New ideas, new approaches
Owing to shortages of effective therapy it has become evident that we require new ideas and different approaches to treating Alzheimer’s disease. As such it has been discovered about fifteen years ago that a key role in the pathophysiology of AD is played by insulin resistence present locally in the brain. Alzheimer’s disease has since in scientific circles taken on the name of „type 3 diabetes“, which opened up new paths of treatment.
One of the more recent groups of medications used in therapy of diabetes consists of GLP-1 receptor agonists. GLP-1, that is glucagon-like peptide 1, is incretin whose physiological role activates after and during a meal. GLP-1 is excreted in the intestines, and through circulation reaches peripheral organs such as the stomach, pancreas, liver and muscles. Although a part of peripheral GLP-1 hormone also reaches the brain, the majority of this incretin required for the brain is also synthesized within it. Since the birth of this idea and theory until today, many pre-clinical trials have proven the role of the GLP-1 signalization pathway in proliferation and survival of neurons, especially in the regions of hypothalamus and hippocampus which happen to be the focal point in the pathophysiology of Alzheimer’s. Activation of GLP-1 receptor sets off intracellular signalization pathway which in the end inhibits apoptosis and encourages cell survival and proliferation.
What’s interesting, some research has shown that the activation of GLP-1 receptor could have a role in coactivation of insulin receptor in the brain, thus maintaining neuronal sensitivity to insulin. Why is this important? Decreased peripheral tissue sensitivity to insulin is present in type 2 diabetes. Essentially, this means that the cell is “blind” to food and does not recognize glucose. At the brain level, this means that neurons are “starving” and gradually dying out and GLP-1 agonists seem to prevent that from happening.
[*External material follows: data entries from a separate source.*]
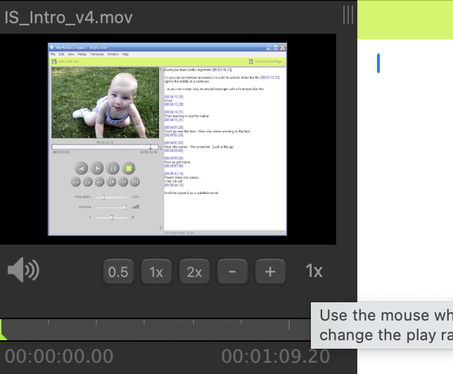 This is useful if you are transcribing and you need to slow down playback so that you can better understand what's being said, or so you can align your typing speed with the playback rate. Being able to control the playback rate makes transcription more efficient because you can transcribe longer sequences without having to pause the movie or back up and replay a section that went by too fast.
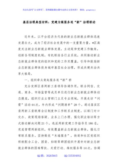 / 基层治理典型材料:党建为媒服务连“新”治理联动
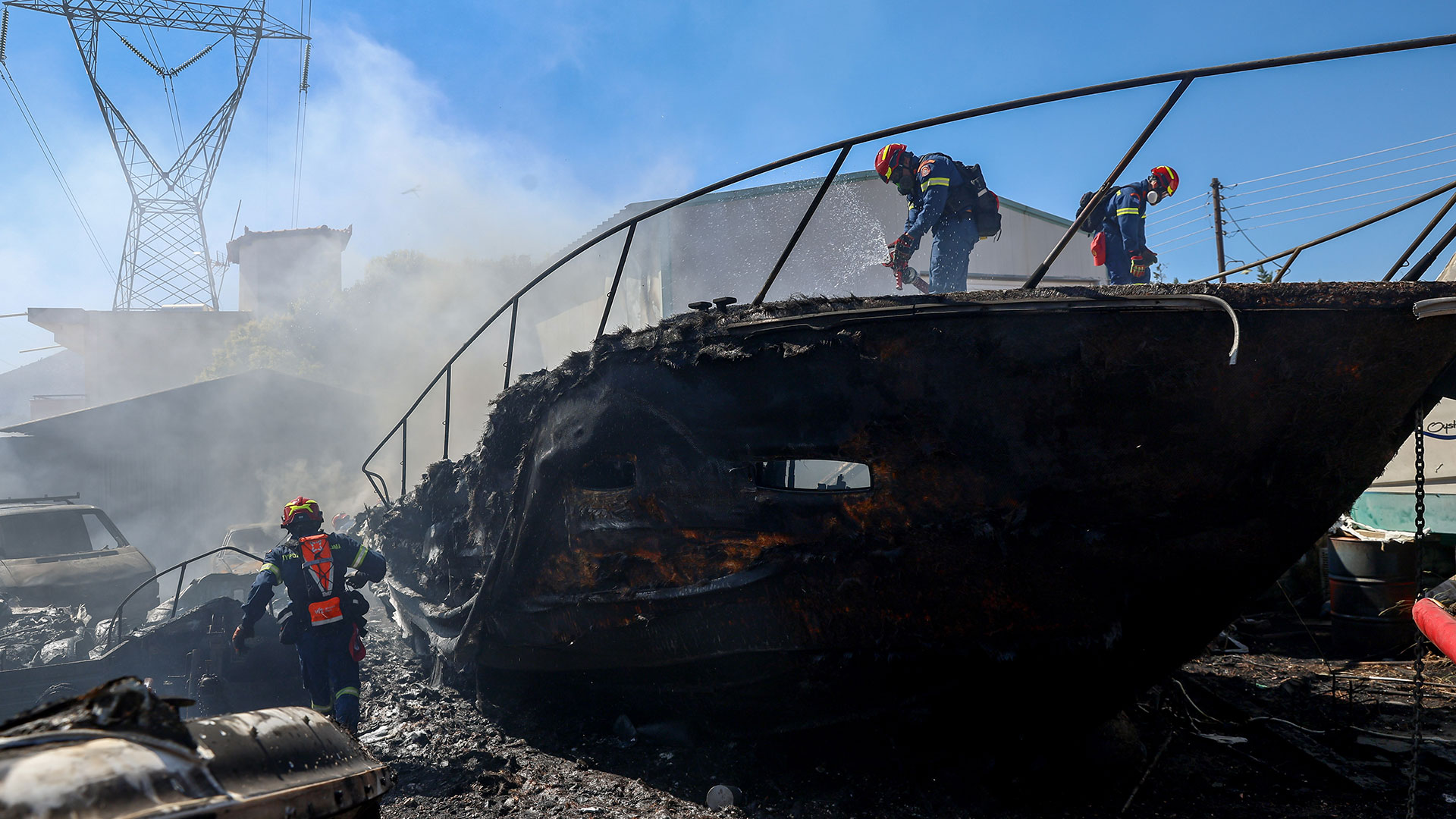 Σύμφωνα με την Πυροσβεστική η φωτιά εκδηλώθηκε αρχικά σε πάρκινγκ σκαφών στο ύψος του Κορωπίου και στη συνέχεια, επεκτάθηκε. Πρόκειται για δύσκολη φωτιά ενώ οι πυροσβεστικές δυνάμεις καταβάλλουν προσπάθειες για να την περιορίσουν.

This interesting link between the two seemingly unrelated diseases has also triggered clinical trials of the efficacy of intranasally administered insulin and GLP-1 receptor agonists in the early stages of AD. Unfortunately, the results so far are not promising, so there are still no official guidelines and recommendations. At the same time, an attempt is being made to find a bypass pathway by which we could activate the GLP-1 receptor signaling pathway, without its direct activation. One idea is administrating galactose. Yes, that’s right, simple galactose which seems to activate GLP-1 signaling pathway via glucose receptor activation. Oral and intravenous administration of galactose in animal models of AD is currently being investigated in preclinical studies.
Alzheimer’s disease is a silent killer that takes the lives of the living, and there is still no effective therapy. All that is available for now are just straws of hope and salvation. Every new, fresh look at AD is therefore valuable and appreciated, but fortunately, there have been quite a few ideas lately. What is even more important than therapy is timely diagnosis, but this is a separate topic that we will discuss some other time, hopefully in a bit more optimistic tone.